Sep 18 '24 00:09 christiangnrd

Actually, looks like I provided the run-time queries already: https://github.com/JuliaGPU/Metal.jl/blob/6c8291640bb43d2f19a4f5d59ac1ed4b4316580b/src/device/intrinsics/version.jl#L64-L65

So we can just use that in the generated code, generating an error when emitting code for an older platform. That of course depends on https://github.com/JuliaGPU/Metal.jl/pull/416 for meaningful reporting, but we'll get there.

I'd rather not simply check based on the macOS version during macro expansion, since we might want to target older Metal versions than the system supports.

Sep 18 '24 10:09 maleadt

Looks good! However do you know what's causing the tests to hang?

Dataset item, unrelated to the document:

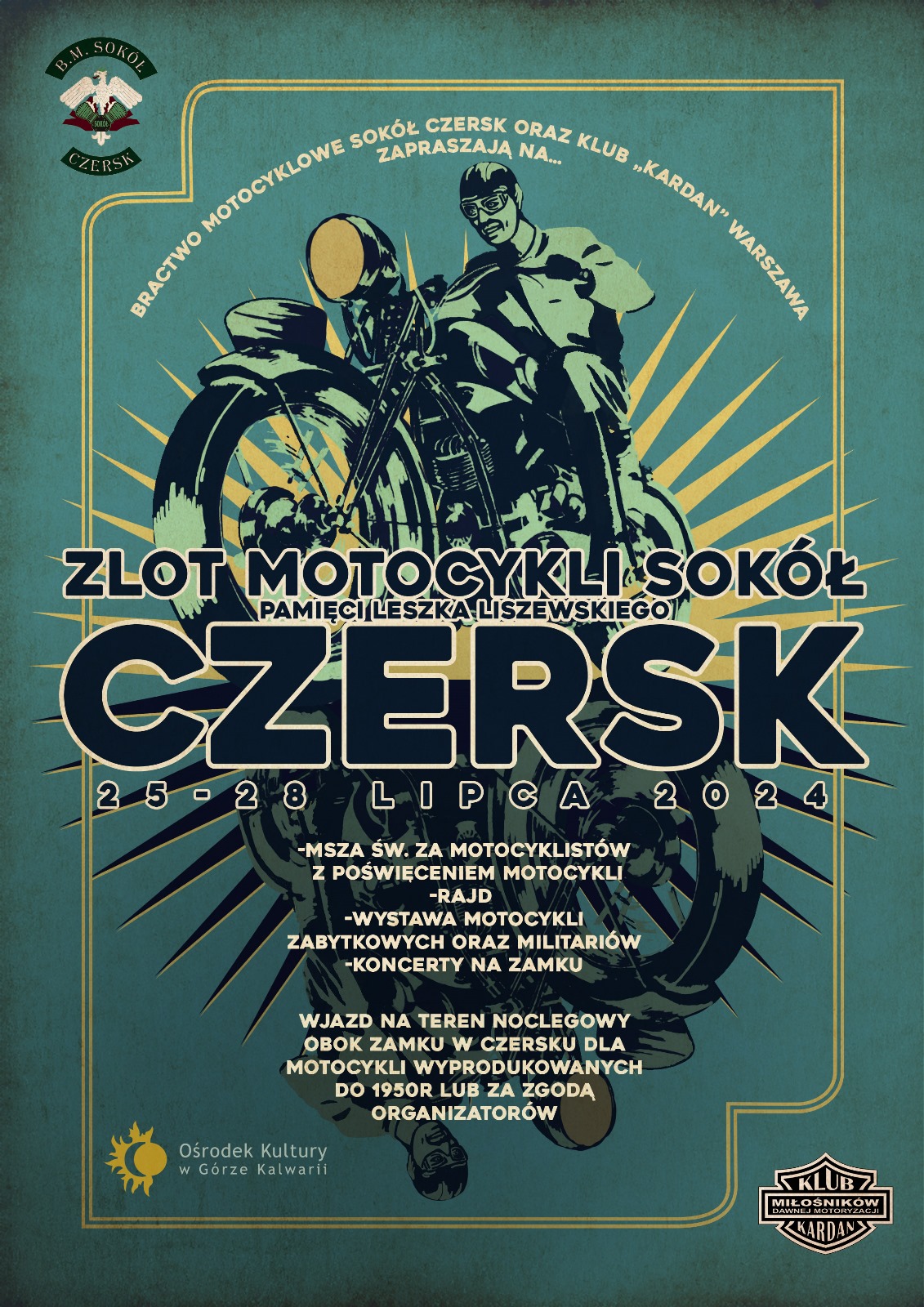 W imieniu Bractwa motocyklowego Sokół Czersk oraz Klubu Miłośników Dawnej Motoryzacji Kardan zapraszamy na zlot motocykli Sokół, pamięci Leszka Liszewskiego, który odbędzie się w Czersku dniach 26-27 lipca 2024 na zamku w Czersku.

@christiangnrd The hangs are caused by this one line:

@print_and_throw "@mtlprintf requires Metal 3.2 (macOS 15) or higher"

Sep 19 '24 09:09 tgymnich

@maleadt Could we have one of the Apple Silicon runners upgraded to Sequoia so the output tests don't get ignored? Edit: All the runners are running 13.3.1. Should we also have one on macOS 14?

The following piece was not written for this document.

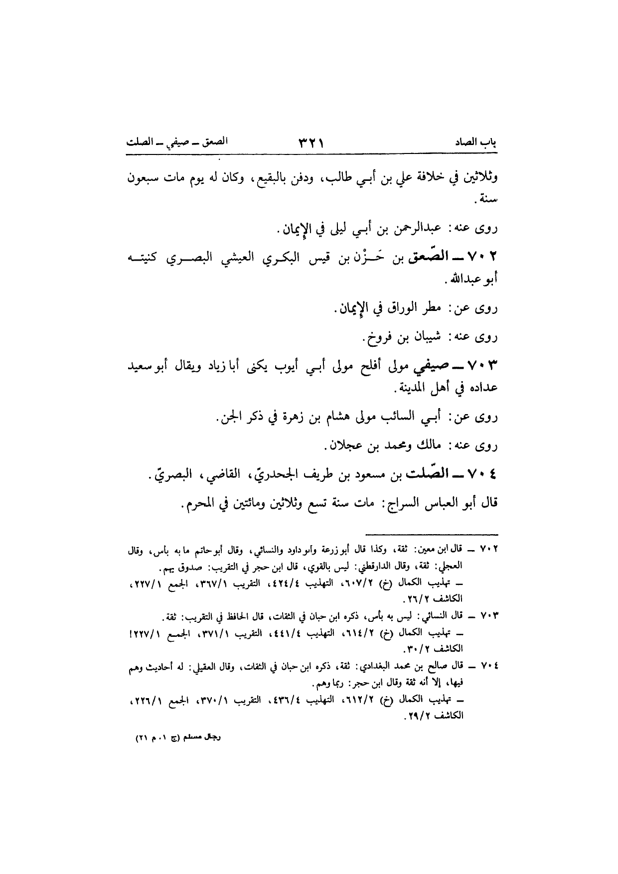 702 - الصَّعق بن حزن بن قيس الْبكْرِيّ العيشي الْبَصْرِيّ كنيته أَبُو عبد الله

I would also like to see #420 merged first (with benchmarks run on macOS 15) to see how big the impact of enabling logging is.

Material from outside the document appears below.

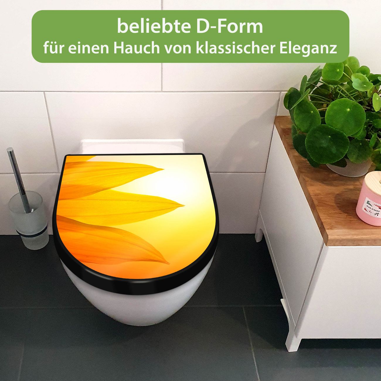 Der WC-Deckel wird in Europa gefertigt und im Herzen von Sachsen für Sie mit dem gewünschten Motiv veredelt. Die hierfür verwendete Folie ist lösungsmittelfrei und schutzlaminiert.

Sep 21 '24 17:09 christiangnrd

@christiangnrd I recently made changes so that logging (e.g. MTLLogState and friends) is only enabled whenever we actually use the feature.

Sep 21 '24 19:09 tgymnich

Just pushed a whitespace-only formatting commit

Sep 21 '24 21:09 christiangnrd

@christiangnrd I recently made changes so that logging (e.g. MTLLogState and friends) is only enabled whenever we actually use the feature.

In that case I still think we should be able to test on macOS 15, but I think we should merge this as soon as it's ready.

Sep 21 '24 21:09 christiangnrd

I've upgraded one of the workers to macOS 15:

See the macos_version tag which can be used to select on this.

Sep 23 '24 14:09 maleadt

@christiangnrd The hangs are caused by this one line:
@print_and_throw "@mtlprintf requires Metal 3.2 (macOS 15) or higher"

How did this get fixed?

Sep 24 '24 05:09 maleadt

I've also updated one of the juliaecosystem workers to 15.0, so we can revert to that queue.

Sep 24 '24 09:09 maleadt

How did this get fixed?

I assume by no longer running when macos_version() < 15. I think I got ahead of myself with the review.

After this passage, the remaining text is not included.